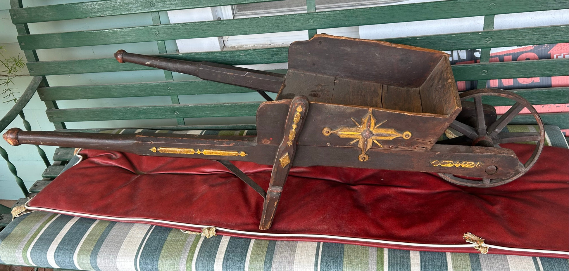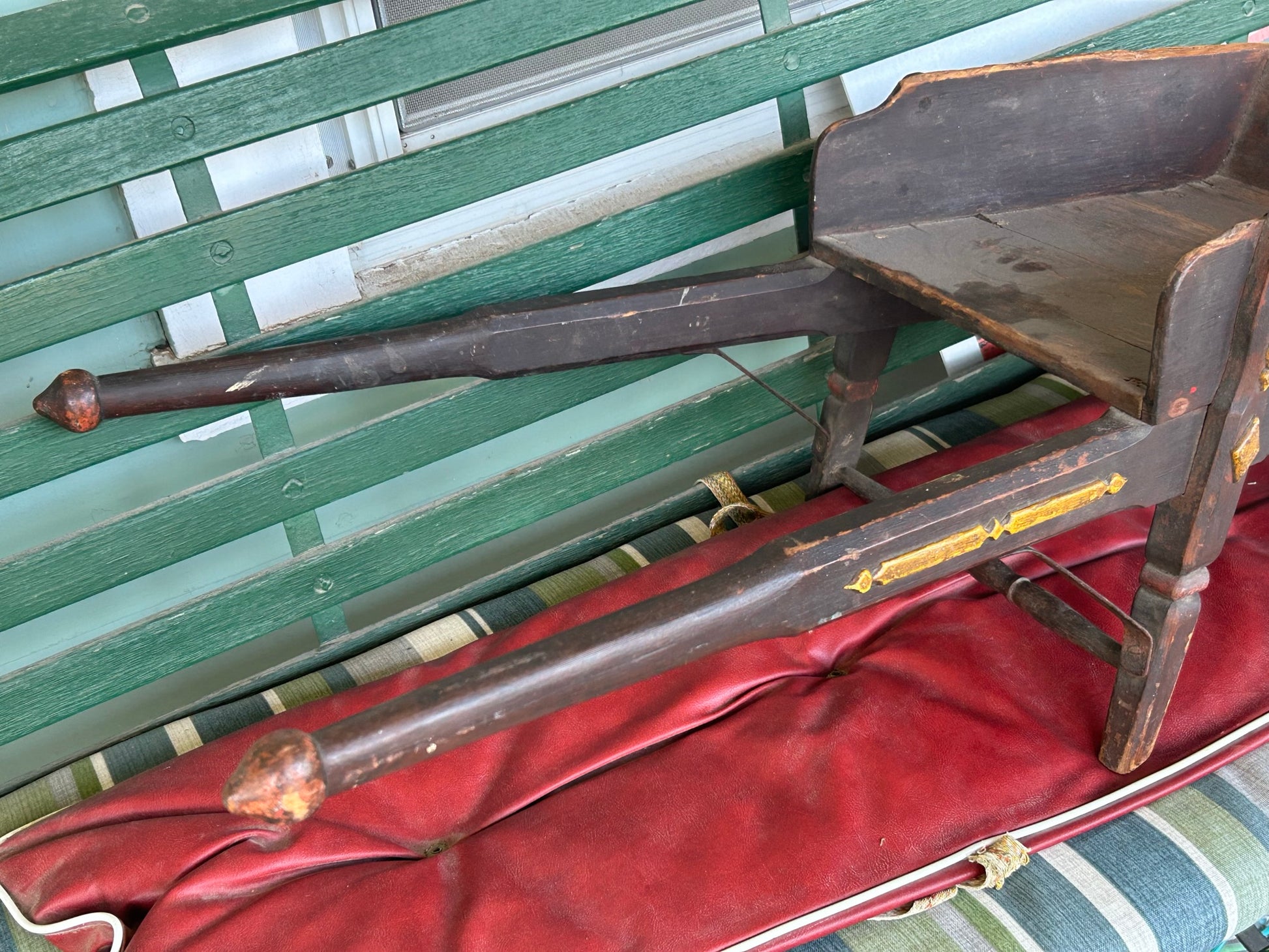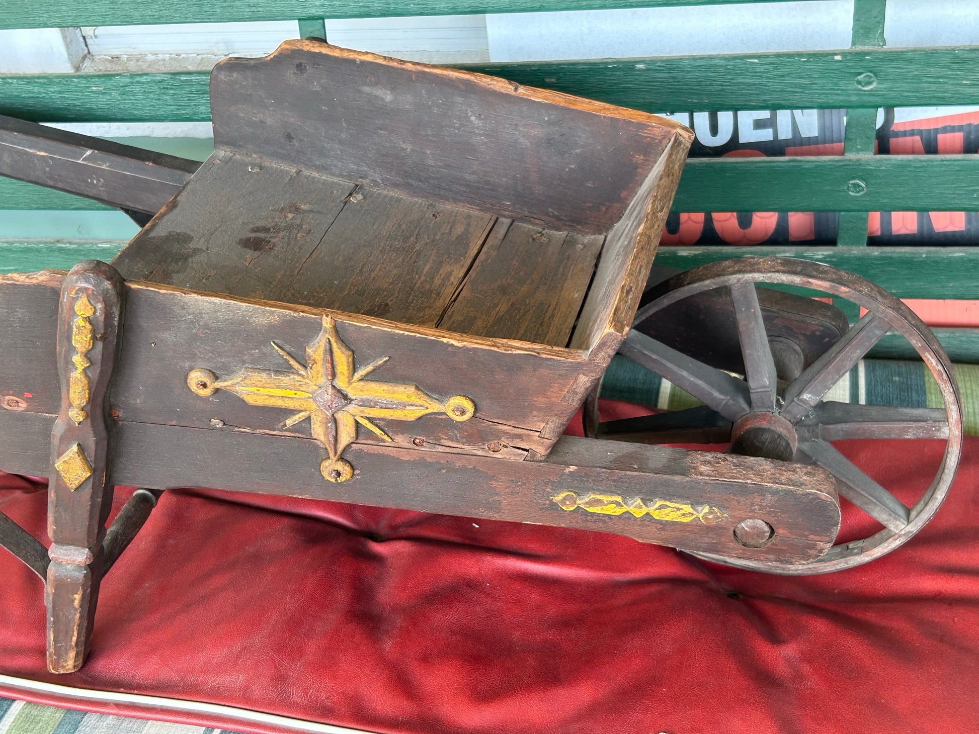 ANTIQUE SMALL FOLK ART WHEEL BARROW WITH APPLIED CARVING 27" LONG. CALL, TEXT, OR E-MAIL FOR MORE INFORMATION
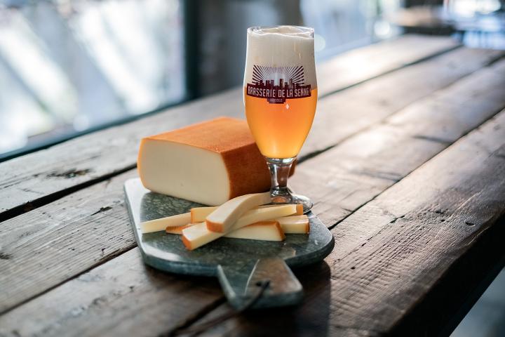 ‘Orval-kaas combineren met Orval-bier is oké’, zegt Davy. Hij gaat echter voor Bruxellensis, een bier van Brasserie de la Senne. ‘De kaas van Orval verzacht de bitterheid van het bier, waardoor de andere smaken in het bier ook meer naar voren komen.’
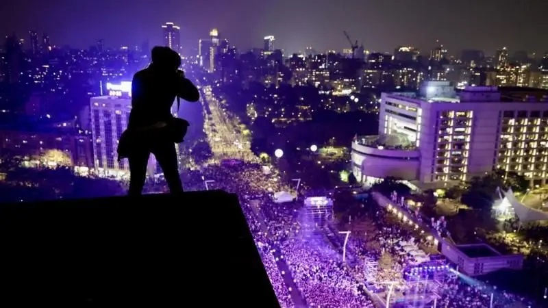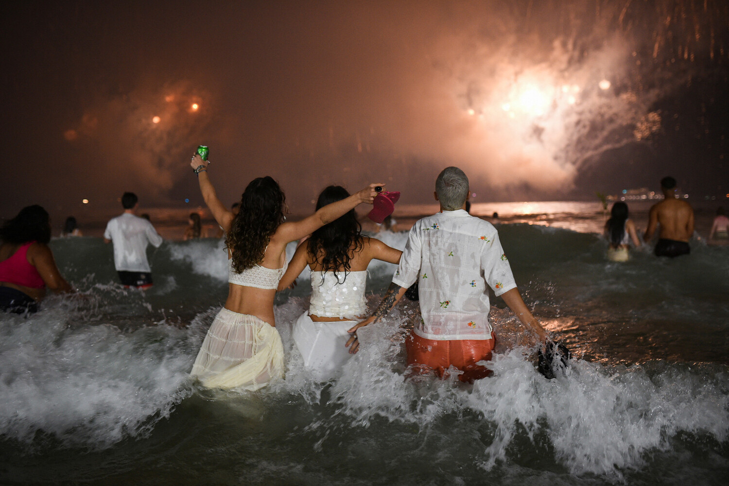 Люди на пляже Копакабана во время празднования Нового года в Рио-де-Жанейро (Бразилия)
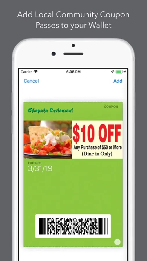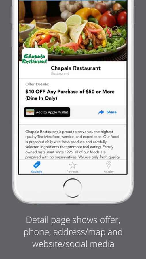 The Coupons and Rewards Cards you save appear automatically on your lock screen when you enter the merchant's business. Redeem your coupons and earn rewards points right from your phone. Simply tap 'Save offer' and 'ADD' it to your Apple Wallet.
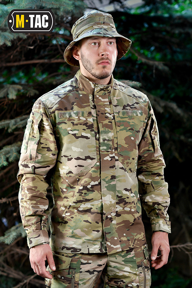 Матеріал – американська тканина NYCO рип-стоп:нейлон, бавовна. Оптимальне поєднання стійкості до зношування і повітропроникності. Саме такої якості тканина йде на пошиття уніформи для військових армії США. Тканина в оригінальному кольорі Crye Precision MultiCam, із комплексною обробкою з NIR просоченням і просоченням Teflon, який захищає матеріал від бруду і води.
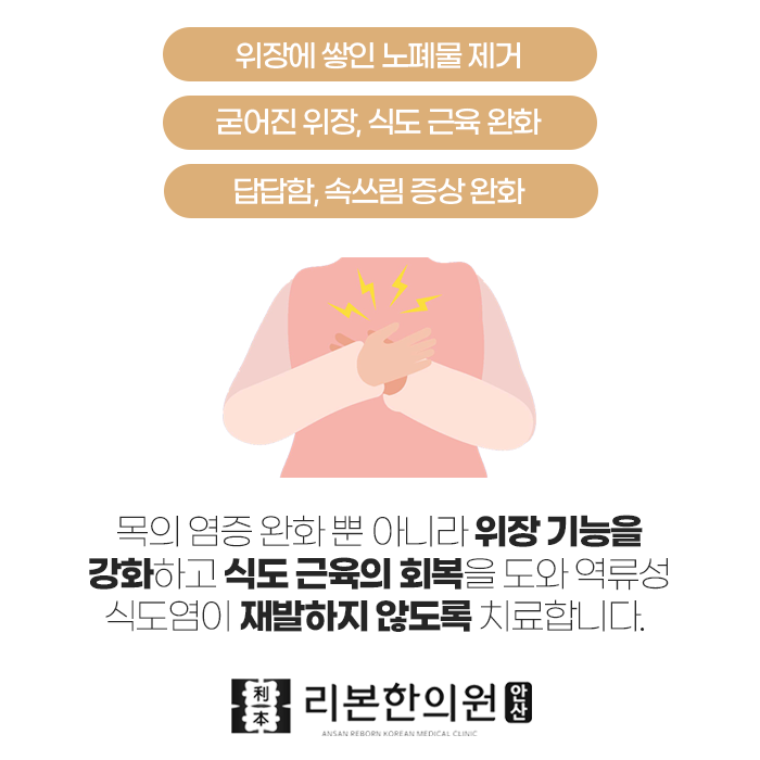소화기 문제나 위장 장애 문제를 호소하는 분들이 많습니다. 그 중 대표적인 증상이 역류성식도염입니다. 이는 위의 내용물이나 위산이 식도로부터 역류하여 식도에 염증이 유발되는 증상입니다. 그러면서 나타나는 다양한 불편감이나 증상으로 바른 관리와 안산 역류성식도염치료 가 필요합니다. 식도염은 음주, 흡연, 비만 등의 악화 요인이 더해진다면 더욱 심해집니다.
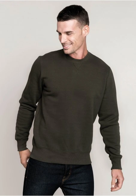 80% gekämmte Baumwolle / 20% Polyester 1ELSF 1C. Vorgeschrumpfte Ware, innen angeraut. Silikon gewaschen. Kontrastfarbenes Nackenband: Middle Grey (Farbton Oxford Grey) oder Heather Grey (alle anderen Farben). Rippstrickkragen mit Kreuzstichnähten. Rippstrickbündchen.
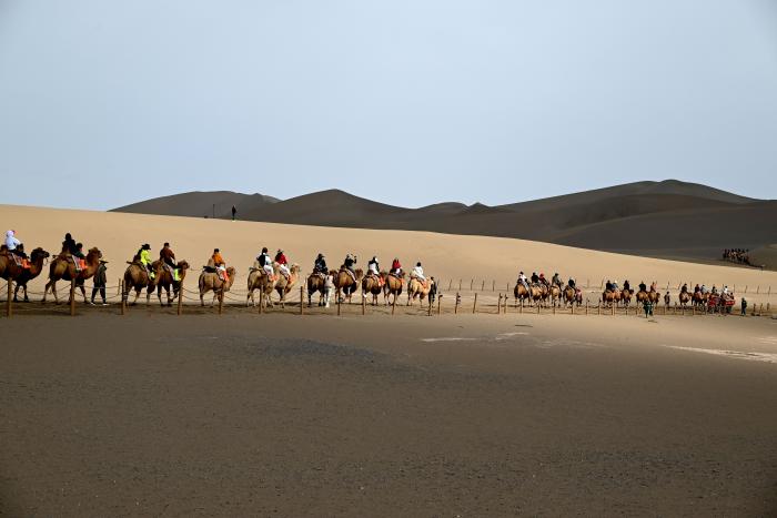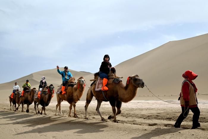 9月25日,游客在甘肃省敦煌市鸣沙山月牙泉景区游览。新华社发(张晓亮摄)
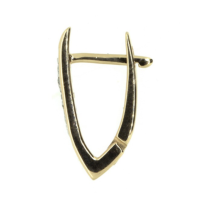 Cercei laconici, austeri, cu diamante de formă clasică, din aur roșu rusesc dintr-un aliaj tradițional conform GOST, 10 diamante tăiate strălucitor KR-57 cu o greutate de 0,10 carate. Închiderea cerceilor englezești este fiabilă și practică.
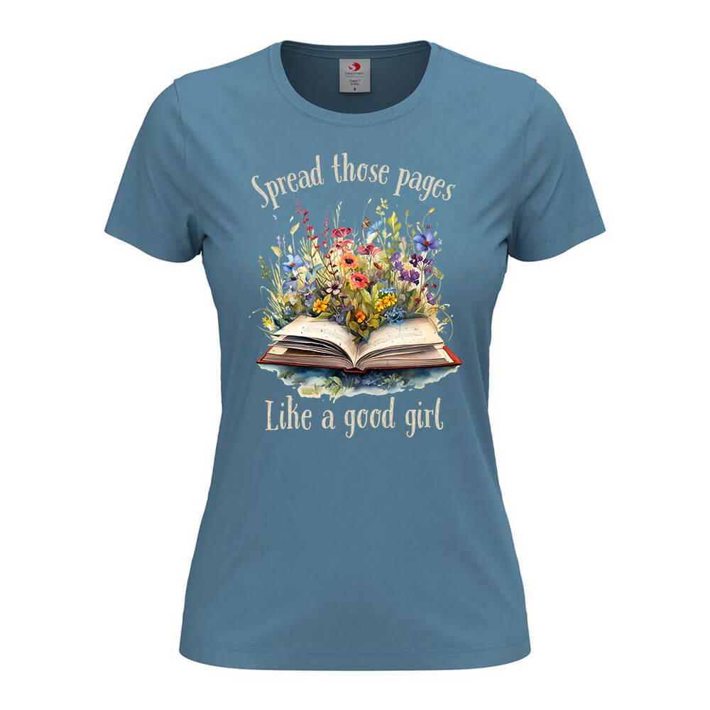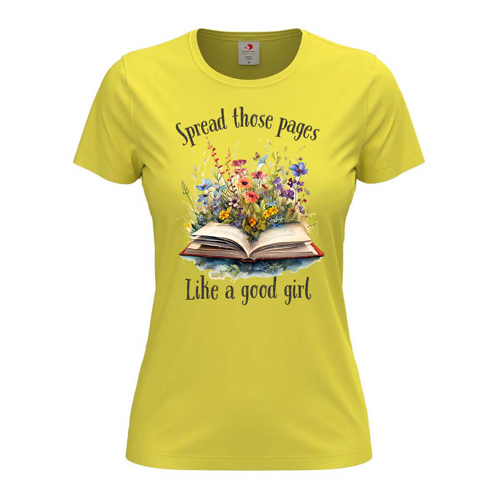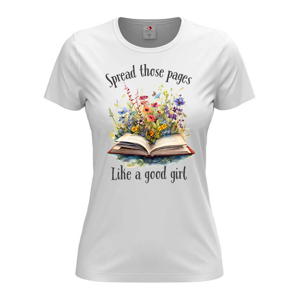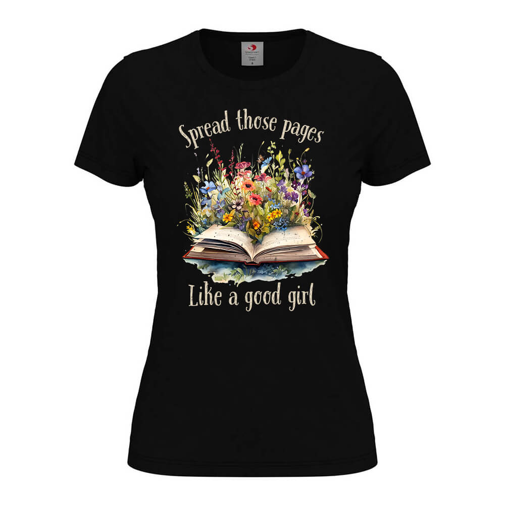 Дамска Тениска Spread Those Pages e тениска с дизайн, създадена от In a MOOD – Онлайн магазин за тениски с щампи и надписи. Ние сме магазинът за настроение и създаваме дизайни на мъжки и дамски тениски. Стараем се да предлагаме забавни и оригинални дизайни на различни теми. Правим тениски, с които Вие да можете да изразите себе си по уникален начин. Ако имате нужда, можем да създадем и тениска по Ваш дизайн. Можем също да променим по Ваше желание елементи в някои от предлаганите в магазина щампи и надписи. За целта само се свържете с нас чрез контактната форма на сайта или на email: info@inamood.bg. Предлагаме също така голямо разнообразие от ярки, светли и тъмни цветове – 17 цвята за мъжките и 17 цвята за дамските модели тениски. На различните дизайни сме поставили различни цветове, които пасват със съответния дизайн, но ако Вие искате друг цвят на тениската, не се колебайте да ни попитате. На Ваше разположение сме за всякакви въпроси и информация относно магазина и предлаганите от нас продукти. Имаме една основна цел – да зарадваме и усмихнем колкото се може повече хора!
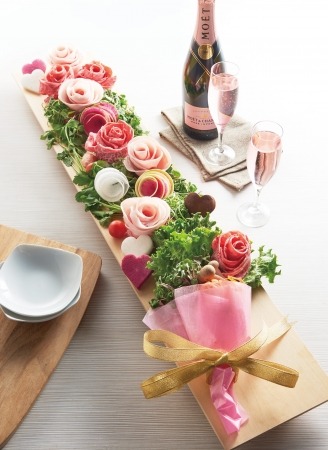 そんなお野菜とお肉のプロがバレンタインデーに特別なプレートをご用意させていただきました。テーブルを埋め尽くすかのような、全長90cmのお肉と国産野菜の肉ブーケならぬプレート。このプレートに乾杯用シャンパンをお付けし抽選で5組様に特別ランチへご招待をさせていただきます。是非特別なコースを大切な方と囲んで頂き日ごろの感謝をお伝えする時間をお過ごしください。
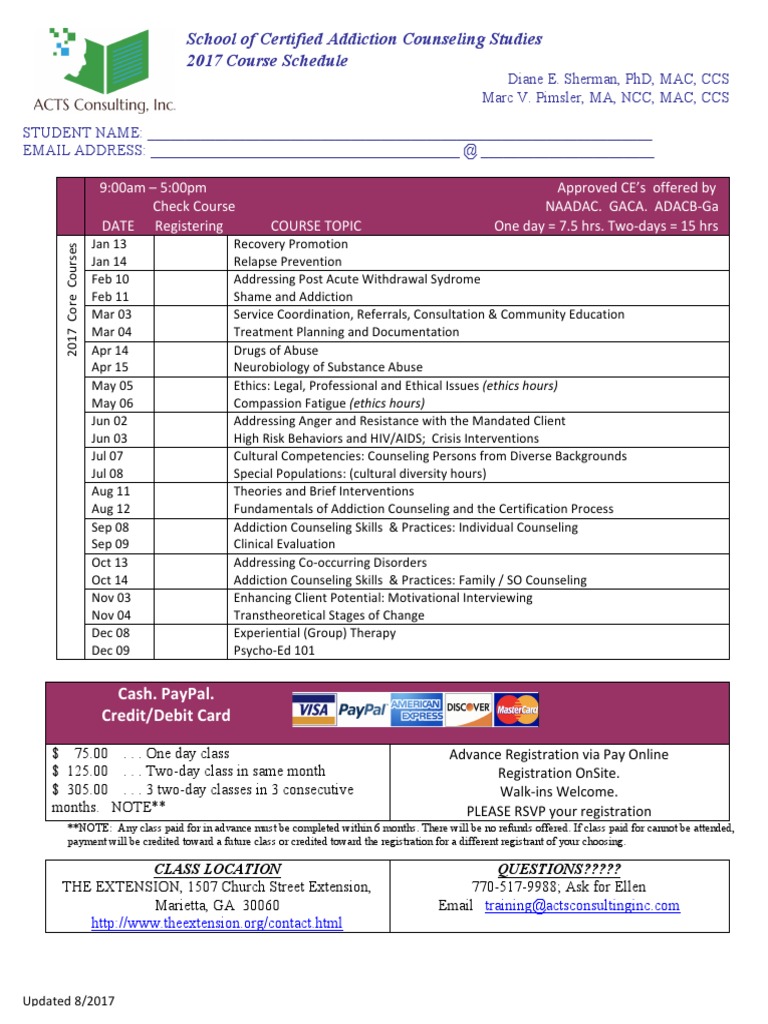2017 CAC Course Schedule PDF Substance Dependence Substance Abuse
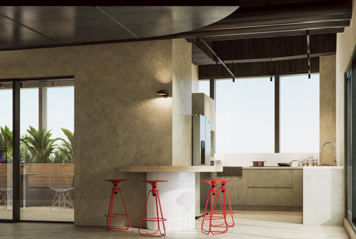 桌台區: 設置半圓弧形桌台,搭配暖木色檯面,並選用醒目的紅色金屬高腳椅,為簡約的工業空間增添一抹現代的跳色元素。
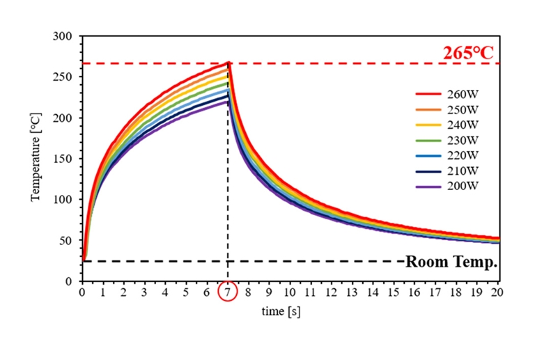 레이저 출력은 200W에서 260W까지 변화시키며 온도 프로파일을 측정하였다. 그림 9는 열전대가 삽입된 테스트 샘플을 이용하여 측정한 온도 프로파일 결과를 나타낸다. 실험 결과를 바탕으로, 최대 온도 265°C를 만족하는 최적의 공정
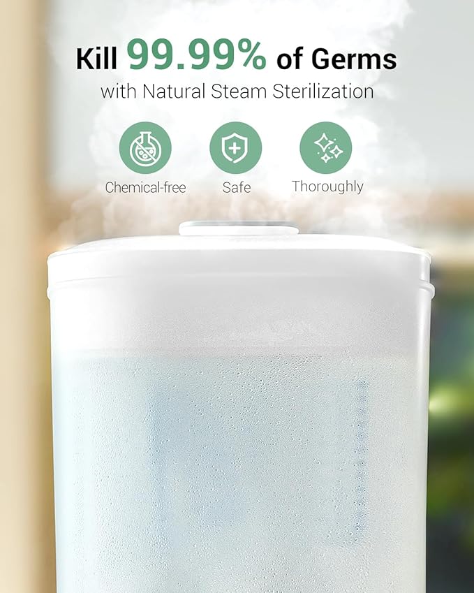 • 𝟳𝟮-𝙃𝙤𝙪𝙧 𝙂𝙚𝙧𝙢-𝙁𝙧𝙚𝙚 𝙎𝙩𝙤𝙧𝙖𝙜𝙚: Our innovative storage function maintains a germ-free environment for 3 full days (48 hours longer than standard 24-hour sterilizers), ensuring bottles stay sterile even through midnight feedings. Enjoy extended peace of mind and freedom with this industry-leading preservation.
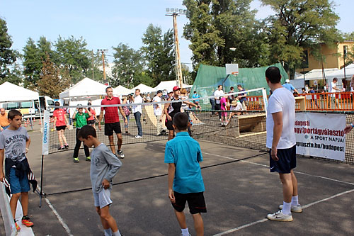 Bakó Krisztina, Fehér János és Tóth Gábor vezetésével a második napon is jelen voltak az Újszászi VVSE lábtoll-labdázói – Bakó Lili, Csák Vivien, Diós Letícia, Dombai Ádám, Ézsiás Fanni, Ézsiás Zsófia, Hornyák Erzsébet, Konka Tímea, Kovács Brigitta, Kökény Martin, Tóth Csenge –, akik játszottak a családokkal, és errõl a pontgyûjtõ könyvecskékbe igazolást is adtak.
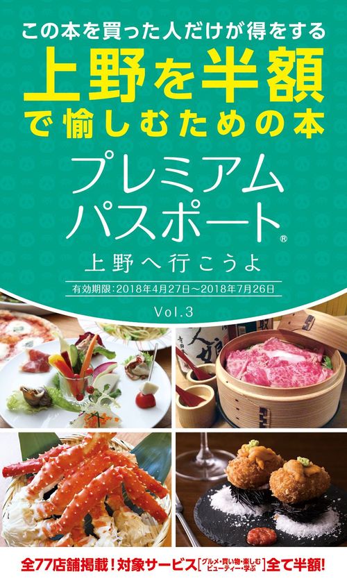 株式会社アプローチ・ハル(所在地:東京都足立区、代表取締役社長:下川 高志)は、パンダのシャンシャン誕生および国内外からの観光客で沸く上野エリアにおいて、地域企業と消費者が繋がる体験型書籍「プレミアムパスポート〜上野へ行こうよ〜Vol.3」を2018年4月27日に発売します。本書は掲載店舗数77店舗、総額30万円以上のプレミアム体験。従来の情報を伝えるグルメ・ガイド本とは異なり、読者のお得感はまさにプレミアム。この本を買った人だけが得をする、対象サービスの全てが半額以下のスペシャルクーポンブックです。
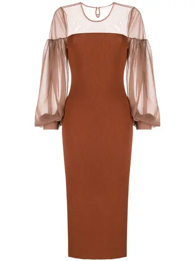 dark orange merino wool blend ribbed knit sheer panelling round neck single rear button fastening long puff sleeves rear slit straight hem below-knee length

____________

TO DO
Leaving out every picture, extract verbatim the lines from the one containing "株式会社アプローチ・ハル(所" through the last line of the listing, inclusive.

SOLUTION TO THE EXERCISE
 株式会社アプローチ・ハル(所在地:東京都足立区、代表取締役社長:下川 高志)は、パンダのシャンシャン誕生および国内外からの観光客で沸く上野エリアにおいて、地域企業と消費者が繋がる体験型書籍「プレミアムパスポート〜上野へ行こうよ〜Vol.3」を2018年4月27日に発売します。本書は掲載店舗数77店舗、総額30万円以上のプレミアム体験。従来の情報を伝えるグルメ・ガイド本とは異なり、読者のお得感はまさにプレミアム。この本を買った人だけが得をする、対象サービスの全てが半額以下のスペシャルクーポンブックです。
 dark orange merino wool blend ribbed knit sheer panelling round neck single rear button fastening long puff sleeves rear slit straight hem below-knee length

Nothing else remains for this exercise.